Performance Shares will be distributed to Participants in the
form of 50% Stock and 50% Cash, or at the Participant's election,
100% Stock or 100% Cash.  In the event the Participant is no
longer an Employee at the time of the distribution, then the
distribution shall be 100% in cash, provided the Participant may
elect to take 50% or 100% in Stock.  At any time prior to the
distribution of the Performance Shares and/or Performance Units
(or if distribution has been deferred, then prior to the time the
Awards would have been distributed), unless otherwise provided by
the Committee, the Committee shall have the authority to reduce
or eliminate the number of Performance Units or Performance
Shares to be converted and distributed or to mandate the form in
which the Award shall be paid (i.e., in cash, in Stock or both,
in any proportions determined by the Committee).

     Unless otherwise provided by the Committee, any election to
take a greater amount of cash or Stock with respect to
Performance Shares must be made in the calendar year prior to the
calendar year in which the Performance Shares are distributed (or
if distribution has been deferred, then in the year prior to the
year the Performance Shares would have been distributed absent
such deferral).  In addition, if required in order to exempt the
transaction from the provisions of Section 16(b) of the Exchange
Act, any election by an Insider to take a greater amount in cash
must be made during a Window Period and shall be subject to
Committee approval.

     For the purpose of converting Performance Shares into cash
and distributing the same to the holders thereof (or for
determining the amount of cash to be deferred), the value of a
Performance Share shall be the average of the Fair Market Values
of Shares for the period of five (5) trading days ending on the
valuation date.

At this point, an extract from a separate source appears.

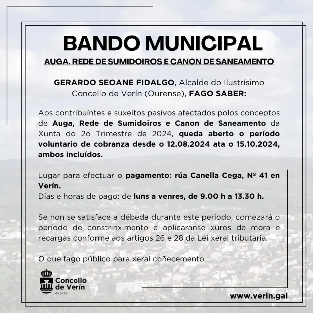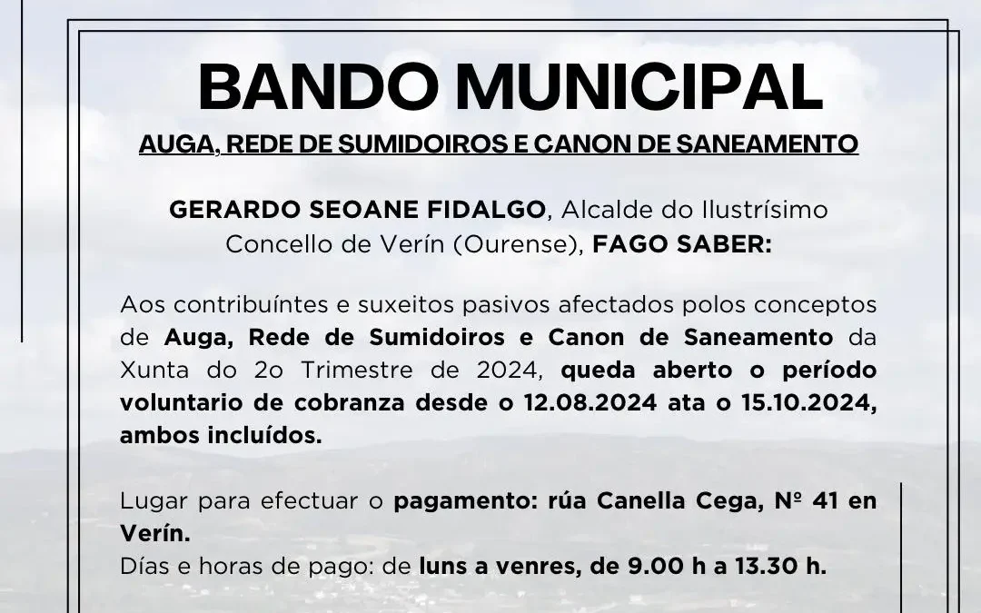Verín, 8 de agosto de 2024. O Concello de Verín comunica aos contribuíntes e suxeitos pasivos afectados polos conceptos de Auga, Rede de Sumidoiros e Canon de Saneamento que se abre o período voluntario de cobranza correspondente ó 2º Trimestre de 2024. Este período estará en vigor desde o 12 de agosto de 2024 ata o 15 de outubro de 2024, ambos incluídos.

The valuation date shall be the first business
day of the second month in the year of distribution (or the year
it would have been distributed were it not deferred), except that
in the case of distributions due to death or Disability, the
valuation date shall be the first business day of the month in
which the Committee determines the distribution.  Performance
Shares to be distributed in the form of Stock will be converted
at the rate of one (1) Share of Stock per Performance Share.

     8.7 Termination of Employment Due to Death, Disability, or
Retirement.  If the Employment of a Participant shall terminate
by reason of death or Disability, the Participant shall receive a
lump sum payout of all outstanding Performance Units and
Performance Shares calculated as if all unfinished Performance
Periods had ended with 100% of the Performance Goals achieved,
payable in the year following the date of termination of
Employment.  In the event of Retirement, the full Performance
Units and Performance Shares shall be converted and distributed
based on and subject to the achievement of the Performance Goals
and in accordance with all other terms of the Award and this
Plan.

     8.8 Termination of Employment for Other Reasons.  If  the
Employment of a Participant shall terminate for other than a
reason set forth in Section 8.7 (and other than for Cause), the
number of Performance Units and Performance Shares to be
converted and distributed shall be converted and distributed
based upon the achievement of the Performance Goals and in
accordance with all other terms of the Award and the Plan;
however, the Participant may receive no more than a prorated
payout of all Performance Units and Performance Shares, based on
the portions of the respective Performance Periods that have been
completed.

     8.9 Termination of Employment for Cause.  In the event that
a Participant's Employment shall be terminated by the Company for
Cause, all Performance Units and Performance Shares shall be
forfeited by the Participant to the Company.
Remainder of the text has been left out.